Activity
Once the line with "6.3mm-es sztereó jack, fordított, aranyborítású" is found in the entries below, print it and each following line exactly, stopping after the line with "Слив старого моторного"; print nothing else.

Data extracts
***
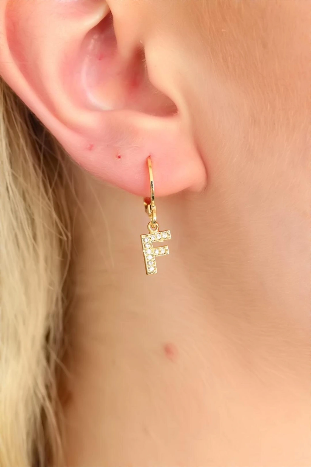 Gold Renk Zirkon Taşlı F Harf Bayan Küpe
***
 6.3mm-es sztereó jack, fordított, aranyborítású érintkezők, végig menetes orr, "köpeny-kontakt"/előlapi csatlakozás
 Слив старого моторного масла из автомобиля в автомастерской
***
Solution to this problem
 6.3mm-es sztereó jack, fordított, aranyborítású érintkezők, végig menetes orr, "köpeny-kontakt"/előlapi csatlakozás
 Слив старого моторного масла из автомобиля в автомастерской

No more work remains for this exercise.